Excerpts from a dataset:
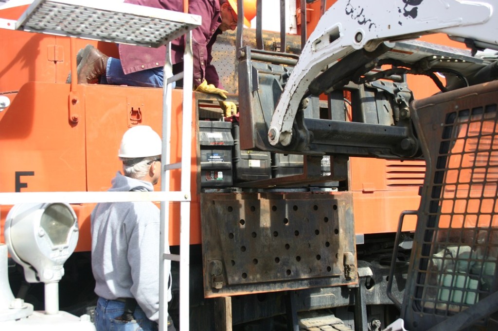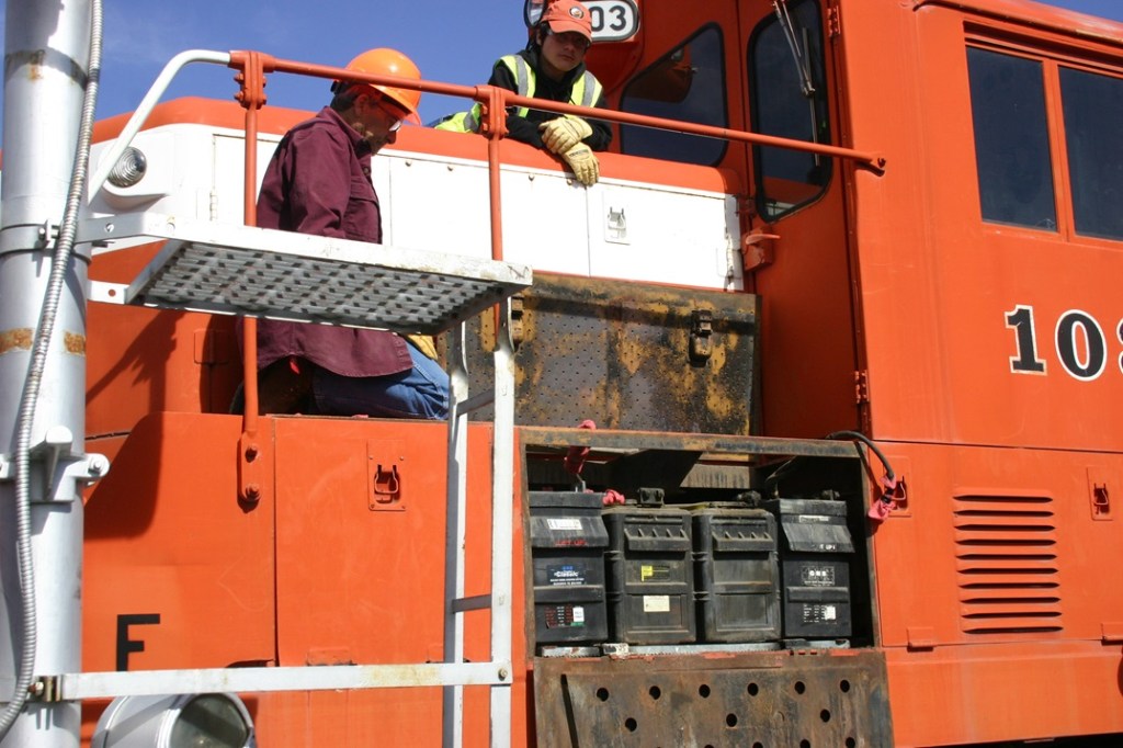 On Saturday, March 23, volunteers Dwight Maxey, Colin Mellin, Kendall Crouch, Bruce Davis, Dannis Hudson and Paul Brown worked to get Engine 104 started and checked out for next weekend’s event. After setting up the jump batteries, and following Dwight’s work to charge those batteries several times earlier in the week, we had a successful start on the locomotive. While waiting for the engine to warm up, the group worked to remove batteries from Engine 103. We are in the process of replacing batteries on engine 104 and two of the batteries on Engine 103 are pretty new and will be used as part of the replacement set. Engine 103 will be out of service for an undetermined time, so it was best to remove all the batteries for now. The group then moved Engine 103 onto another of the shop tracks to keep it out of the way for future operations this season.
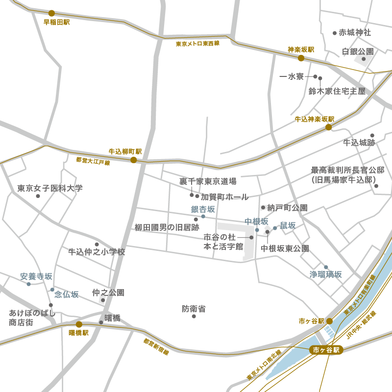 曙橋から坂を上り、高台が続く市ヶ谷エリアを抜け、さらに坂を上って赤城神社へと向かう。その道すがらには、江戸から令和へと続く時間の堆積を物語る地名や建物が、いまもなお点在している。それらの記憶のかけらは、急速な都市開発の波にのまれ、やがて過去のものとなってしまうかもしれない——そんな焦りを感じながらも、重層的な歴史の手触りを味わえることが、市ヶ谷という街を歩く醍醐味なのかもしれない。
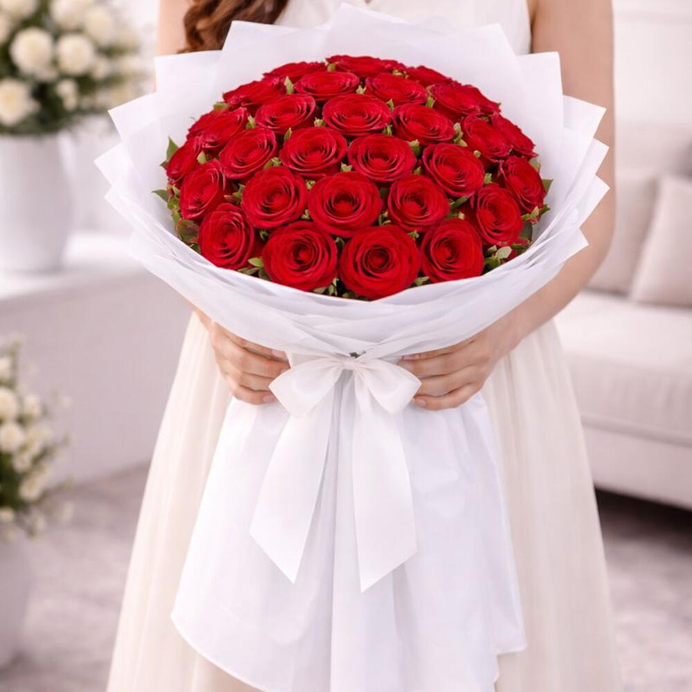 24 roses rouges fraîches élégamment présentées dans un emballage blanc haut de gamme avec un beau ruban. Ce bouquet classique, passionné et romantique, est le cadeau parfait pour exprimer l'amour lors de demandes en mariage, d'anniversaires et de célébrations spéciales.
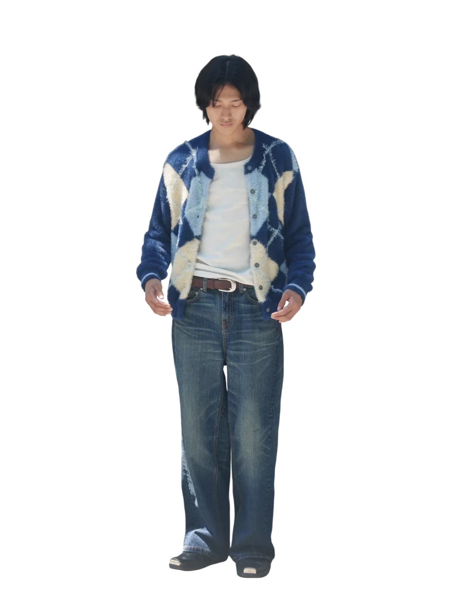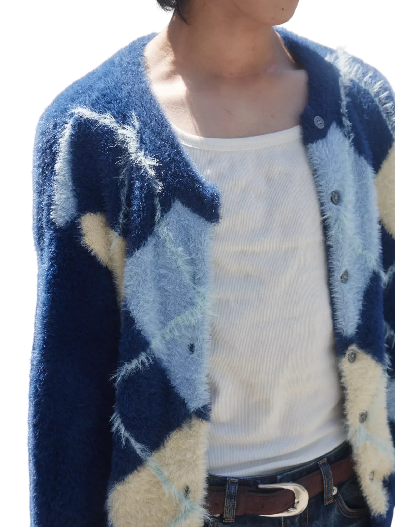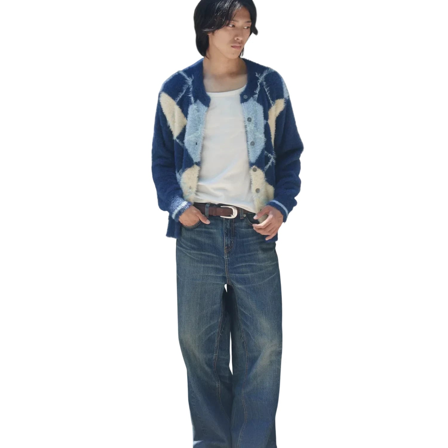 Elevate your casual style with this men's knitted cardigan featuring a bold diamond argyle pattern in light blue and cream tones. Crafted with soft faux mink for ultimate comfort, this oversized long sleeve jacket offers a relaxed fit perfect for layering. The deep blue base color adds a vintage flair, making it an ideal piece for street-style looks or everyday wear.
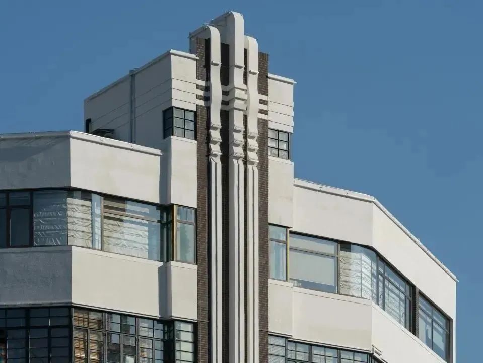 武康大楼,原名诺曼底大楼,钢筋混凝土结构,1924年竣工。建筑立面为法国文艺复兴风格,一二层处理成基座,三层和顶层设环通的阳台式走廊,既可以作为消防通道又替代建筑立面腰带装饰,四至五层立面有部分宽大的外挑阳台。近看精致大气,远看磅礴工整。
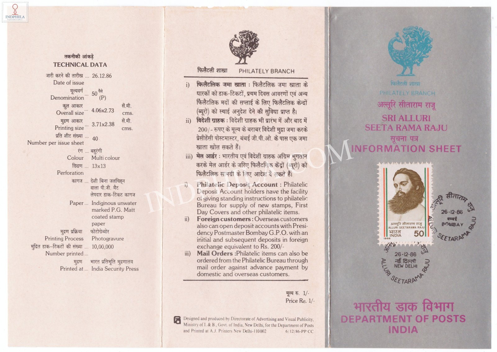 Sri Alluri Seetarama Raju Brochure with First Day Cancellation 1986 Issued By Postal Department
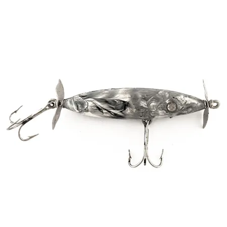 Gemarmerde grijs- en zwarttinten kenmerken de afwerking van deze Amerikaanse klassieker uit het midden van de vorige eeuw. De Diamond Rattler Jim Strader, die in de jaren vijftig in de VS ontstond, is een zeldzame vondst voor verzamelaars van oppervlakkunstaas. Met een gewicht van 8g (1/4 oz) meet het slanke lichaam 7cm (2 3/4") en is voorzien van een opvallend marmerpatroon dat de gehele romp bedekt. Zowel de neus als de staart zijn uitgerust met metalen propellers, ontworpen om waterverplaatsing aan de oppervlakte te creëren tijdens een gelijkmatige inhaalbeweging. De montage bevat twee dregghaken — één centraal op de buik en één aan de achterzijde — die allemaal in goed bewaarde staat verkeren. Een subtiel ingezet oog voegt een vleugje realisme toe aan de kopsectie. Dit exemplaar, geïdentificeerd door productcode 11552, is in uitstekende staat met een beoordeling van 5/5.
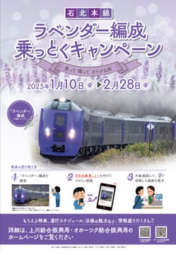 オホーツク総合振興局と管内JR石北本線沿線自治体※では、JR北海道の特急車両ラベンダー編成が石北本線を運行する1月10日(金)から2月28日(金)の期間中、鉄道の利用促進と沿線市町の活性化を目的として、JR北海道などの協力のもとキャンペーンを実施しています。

_Exercise_: Exclude the pictures and write out exactly the lines from the one holding "Gemarmerde grijs- en" through the end of the entries, inclusive, and only those.

_Response to the task_:
 Gemarmerde grijs- en zwarttinten kenmerken de afwerking van deze Amerikaanse klassieker uit het midden van de vorige eeuw. De Diamond Rattler Jim Strader, die in de jaren vijftig in de VS ontstond, is een zeldzame vondst voor verzamelaars van oppervlakkunstaas. Met een gewicht van 8g (1/4 oz) meet het slanke lichaam 7cm (2 3/4") en is voorzien van een opvallend marmerpatroon dat de gehele romp bedekt. Zowel de neus als de staart zijn uitgerust met metalen propellers, ontworpen om waterverplaatsing aan de oppervlakte te creëren tijdens een gelijkmatige inhaalbeweging. De montage bevat twee dregghaken — één centraal op de buik en één aan de achterzijde — die allemaal in goed bewaarde staat verkeren. Een subtiel ingezet oog voegt een vleugje realisme toe aan de kopsectie. Dit exemplaar, geïdentificeerd door productcode 11552, is in uitstekende staat met een beoordeling van 5/5.
 オホーツク総合振興局と管内JR石北本線沿線自治体※では、JR北海道の特急車両ラベンダー編成が石北本線を運行する1月10日(金)から2月28日(金)の期間中、鉄道の利用促進と沿線市町の活性化を目的として、JR北海道などの協力のもとキャンペーンを実施しています。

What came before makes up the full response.